Hello, dear friend, you can consult us at any time if you have any questions, add WeChat: THEend8_
1 General Knowledge (15 pts)
1. ( 3 pts) Derive an expression for expectedLoss involving Bias, variance, and noise.
2. ( 3 pts) Explain how to use cross-validation to estimate each of the terms above.
(b) How does the hinge loss function in an SVM handle bias?
(c) Which parameters of an SVM affect bias on test data? How does increasing or decreasing these parameters affect bias?
4. (5 pts) Consider a naive-Bayes generative model for the problem of classifying samples {(x1,y1),…,(xn,yn)}, xi ∈ Rp and yi ∈ {1,…,K}, where the marginal distribution of each feature is modeled as a univariate Gaussian, i.e., p(xij|yi = k) ∼ N(µjk,σ2
jk),
where k represents the class label. Assuming all parameters have been estimated, clearly describe how such a naive-Bayes model will do classification on a test point xtest.
Imagine we are using 10-fold cross-validation to tune a parameter θ of a machine learning algorithm using training set data for parameter estimation, and using the held-out fold to evaluate test performance of different values of θ. This produces 10 models,{h1,…,h10}; each model hi has its own value θi for that parameter, and corresponding error ei. Let k = arg mini ei be the index of the model with the lowest error. What is the best procedure for going from these 10 models individual to a single model that we can apply to the test data?
Midterm, CSCI 5525 2021
3. (4 pts) Bias in a classifier means that the probability of classifying a new data point drawn from the same distribution as the training data will result in one category occurring more often than another.
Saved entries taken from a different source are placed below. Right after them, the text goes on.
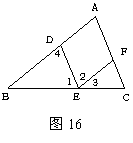 如图16,点D、E、F分别在AB、BC、AC上,且DE∥AC,EF∥AB,下面写出了说明“∠A+∠B+∠C=180°”的过程,请填空: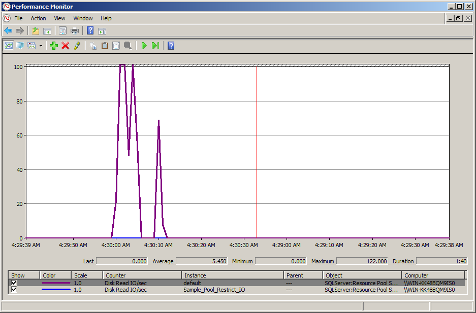 Now, we setup performance monitor to test the physical IO control feature via resource governor. Lets login with any user except the one created in step 3 and run the given below script and view the results in performance monitor. In my case, I logged in with sa and executed the script.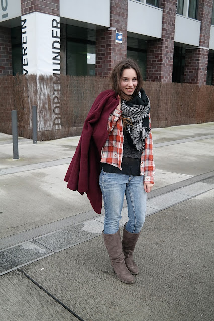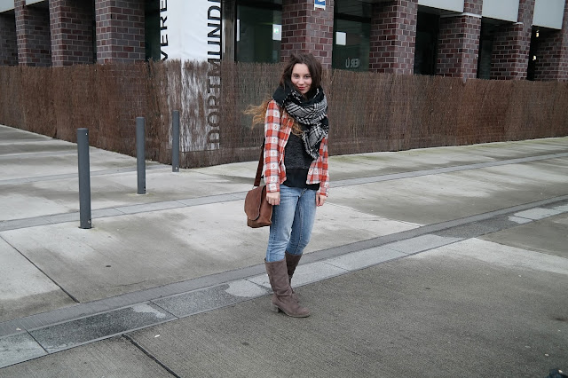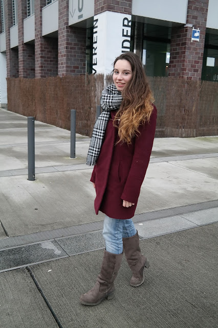 Schal: Primark, Jacke: Asos, Jeans: VeroModa, Stiefel: Deichmann
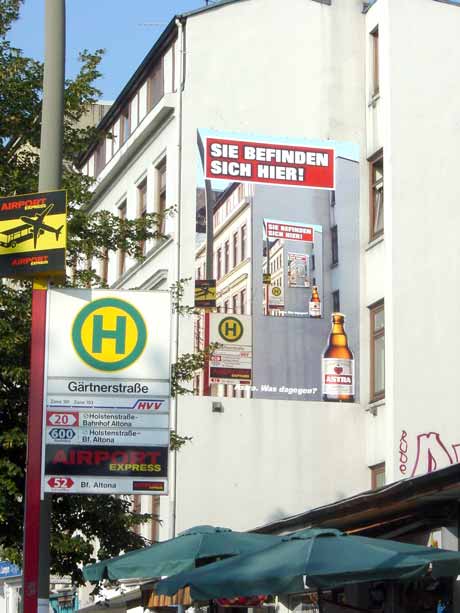 [10h47] Ein weiteres gelungenes Werbeplakat: das ASTRA-Plakat an der Bushaltestelle "Gärtnerstraße". Früher soll sich, laut Bart, dort ein Plakat für das Fitness-Center "Kaifu-Lodge" befunden haben, mit einer Wegbeschreibung ("dritte Ampel links" oder so). Das macht natürlich den ASTRA-Spruch noch mehr zu einem Insider.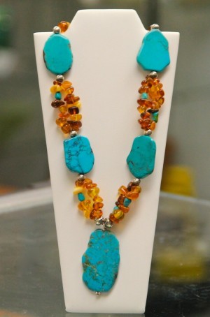 Sterling Silver, Turquoise and Amber 19″ Necklace $189 ~ Dealer 47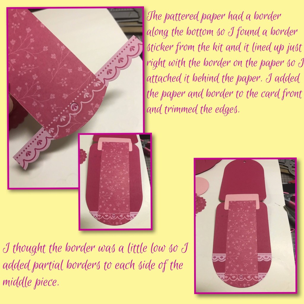 Ok, here we go. Originally I was going to make a monochromatic Pink card but as I got going I found it was too much so I added some yellow and a little bit of green.

(a) What aspects of the training data affect classfier bias?
Paul Schrater
a) Choose the model hk?
b) weight the predictions of each model by wi = exp(−ei)?
c) Set θ = θk, then update by training on the held-out data.
Clearly explain your choice and reasoning.
Let {(x1,y1),…,(xn,yn)} be a dataset of n-samples for regression with xi ∈ Rp and yi ∈ R.
Consider a regularized regression approach to the problem:
This problem is known as ridge regression. Using a kernel trick we can write the solution to this problem in a form where we can use weights on either the feature dimensions or the data points. Rewriting the expression in terms of data points allows us to generalize the regression solution to nonlinear forms. To better understand the problem, remember that a data matrix X can be viewed in either row or column form, where rows are data points and columns feature dimensions. A regression solution weighting rows is suitable for a kernel form of a solution.
1. (5 pts) using notation y ∈ Rn for the vector of responses generated by stacking labels into a vector, and X ∈ Rnxp the matrix of features, rewrite the objective function above in vector matrix form, and find the a closed form solution for w∗. Is the solution valid for n < p?
2. (5 pts) Show that the solution can be kernelized (i.e. that w∗ = Pi=1:n αik(xi,·) ) for
some function k(x,·) you need to derive. The trick is the derivation is a matrix inverse identity: (A−1 + BTC−1B)−1BTC−1 = ABT(BABT + C)−1. In your application,
X = B, C = I and A = λI. The point of using the inverse is to convert your solution from it’s standard form into one where you use XXT, which creates an inner product matrix of size data point by data point. By applying the resulting solution to a new feature vector x, show that wTx can be written in kernel form as above.
3. (5 pts) Use the kernelization result to derive ridge regression for fitting polynomials to order m using a polynomial kernel function.
1. (5 points) Which features are predictive? How can you tell? Explain your reasoning.
2. (10 points) Recode the features so that they could be used with naive Bayes or logistic regression. Using only the single best feature using naive Bayes, what should I do with a new data point, a cute puppy named Joey? Joey has 3 weeks potty training, costs 0 dollars, has 0 instances of previous carpet damage and is Brown/White. Adopt or no?